# CNN Hacked; Page Announces China Dumps Stocks, Closes South China Sea



## Denton (Sep 18, 2012)

BREAKING: China dumps all bonds, declares South China Sea closed zone ? CNN Political Ticker - CNN.com Blogs

1 minute ago
*BREAKING: China dumps all bonds, declares South China Sea closed zone*
China has just announced, in response to what it calls US aggression, that it has placed all its US treasury bonds on the open market and simultaneously has declared the South China Sea a closed zone. This is a developing story, please check for updates.

Don't worry. CNN was hacked.

Who did the hacking? Was it a not so subtle warning of what is to come?


----------



## Gunner's Mate (Aug 13, 2013)

The Chinese must have read my earlier post over in the Marijuana stock thread, damn commie spys are everywhere


----------



## Just Sayin' (Dec 5, 2013)

Come on, that isn't funny...I've got 25% of my retirement in Asian/Pacific stocks...I'm either a millionaire now or a pauper. :shock:


----------



## Deebo (Oct 27, 2012)

Nothing to see here folks. Just keep marching towards the lights, with your papers in hand. Move along. 
Those annoying "loud firecracker" noises you hear from the other room is just the television.
Those piles of clothes and shoes you see are just items for the less fortunate.
Move along, eyes to the front. 
That awefull smell is just the sewer backed up.


----------



## Ripon (Dec 22, 2012)

And when that headline is real?


----------



## Deebo (Oct 27, 2012)

CNN hacked..Target hacked.. Account numbers, pins, personall informantion. 
It is all hacked by THE NSA. 
Anyone here believe that HIPPA form at the doctrers office protects your pertinent information. 
Insurance companies now need to know what job you do to insure your truck? What does your credit rating have to do with Full coverage truck insurance?
The greatest trick the devil ever pulled was getting people to believe he isn't real.
Your information is stored and backed up somewhere........


----------



## PrepperLite (May 8, 2013)

Deebo said:


> CNN hacked..Target hacked.. Account numbers, pins, personall informantion.
> It is all hacked by THE NSA.
> Anyone here believe that HIPPA form at the doctrers office protects your pertinent information.
> Insurance companies now need to know what job you do to insure your truck? What does your credit rating have to do with Full coverage truck insurance?
> ...


Very much doubt it was the NSA, China on the other hand.....


----------



## Denton (Sep 18, 2012)

PrepperLite said:


> Very much doubt it was the NSA, China on the other hand.....
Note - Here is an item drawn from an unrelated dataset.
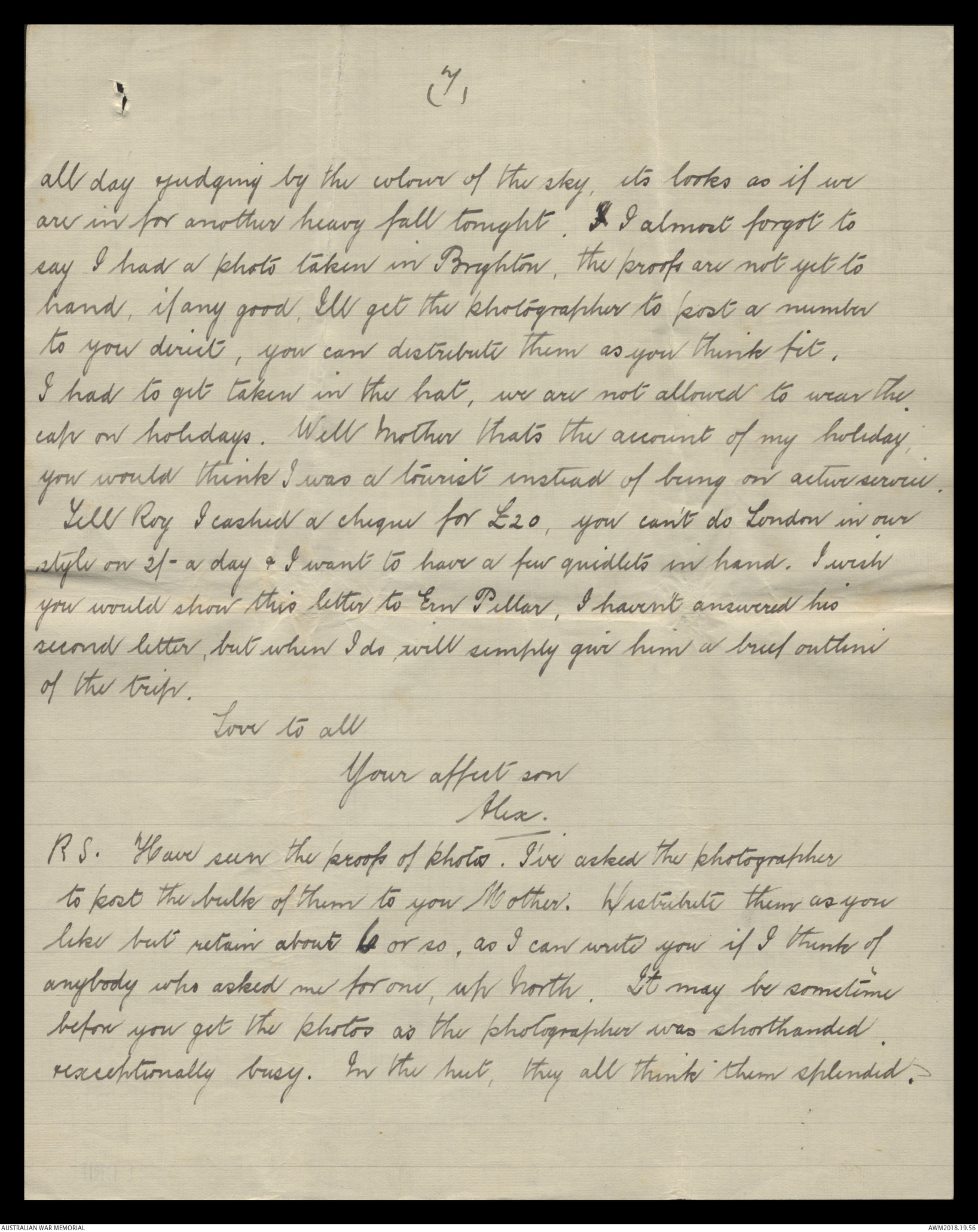 restarted school & is almost himself again. I also got copies of the photos I had taken at Brighton. The photographer evidently mixed up my order he originally sent proofs two of head & shoulders & our full figure. I asked for a dozen each of the former took on different style paper, one enlargement & a

What if the elite, through the NSA, was giving a clue as to the next event on their calender?


----------



## paraquack (Mar 1, 2013)

Scary thought , isn't it?????


----------



## Fuzzee (Nov 20, 2012)

Funny or not, I'm always a little happy when CNN looks more like the assholes they really are at least.


----------



## Ripon (Dec 22, 2012)

NSA is too busy targeting obummers opponents - you know like Dinesh.


----------